Clairement, les contrôleurs de la SNCFT ne sont pas formés pour leurs postes. Quand un usager voyage sans titre de transport, il y a une procédure : l’agent doit lui demander sa carte d’identité et s’il n’en a pas, l’emmener au poste de contrôle le plus proche. Mais les contrôleurs sont dans une logique de répression de la fraude : leur but est de traquer ceux qui ne payent pas, comme le policier traquerait celui qui enfreint la loi. Autrement dit, ils jouent aux flics, avec les mêmes mécanismes.


"Seule la sanction systématique nous fera sortir de la dénonciation individuelle et isolée"

Cette violence est souvent la conséquence d’une frustration : leur statut n’est pas valorisé socialement, notamment en termes de salaire, et cela génère des abus de pouvoir.
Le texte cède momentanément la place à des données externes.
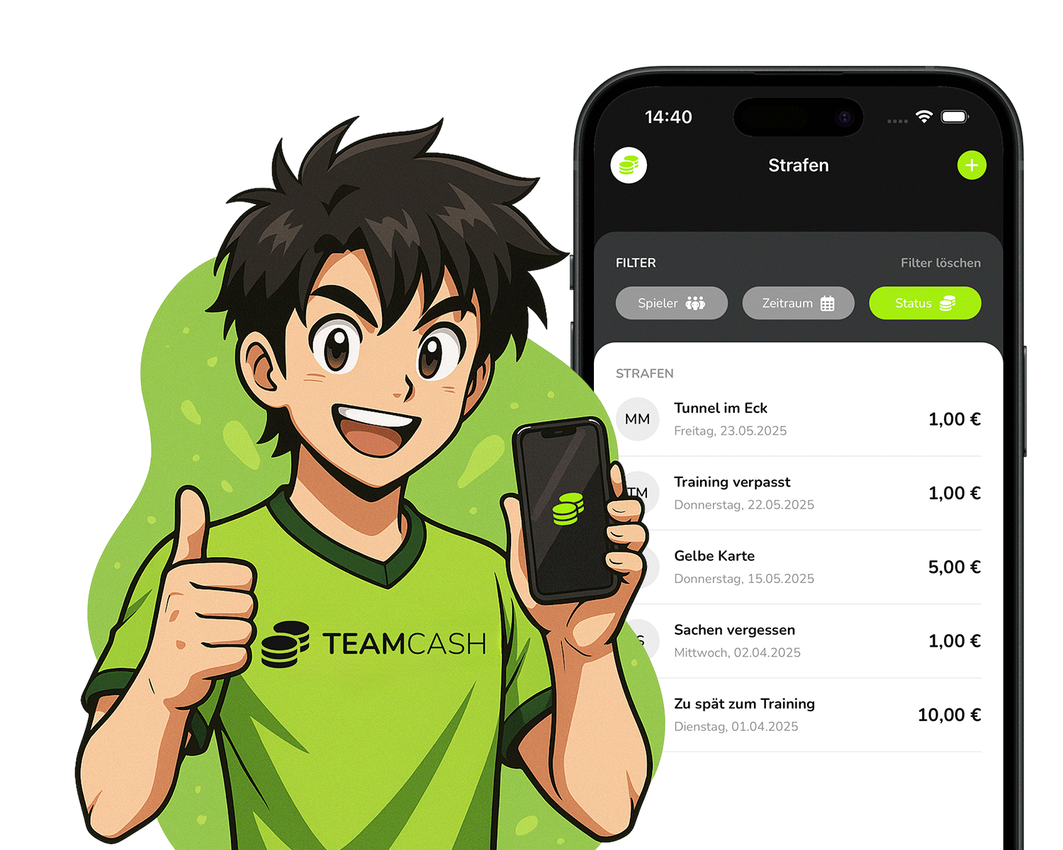 Strafenkatalog, Einnahmen, Ausgaben, offene Beträge: wer eine Mannschaftskasse führt, weiß, wie schnell der Überblick verloren geht. Mit TeamCash, der intuitiven Mannschaftskasse App, wird die Verwaltung zum Kinderspiel. Alles an einem Ort, immer griffbereit und so einfach wie nie.

D’un autre côté, il y a une vraie banalisation des agressions en Tunisie depuis quelques années. Beaucoup d’émissions, d’articles relatent des faits divers d’une extrême violence [avant le soulèvement de 2011, le pouvoir tunisien contrôlait les médias et les faits divers violents étaient peu relatés, afin de donner une impression de sécurité, NDLR]. On s’en rend davantage compte depuis que les gens ont commencé à filmer les abus des représentants de l’autorité.

Les gens doivent continuer à documenter ce genre de cas, en espérant que cela fera pression sur les autorités publiques et les obligera à faire appliquer la loi sur tous les fonctionnaires. Seule la sanction systématique nous fera sortir de la dénonciation individuelle et isolée.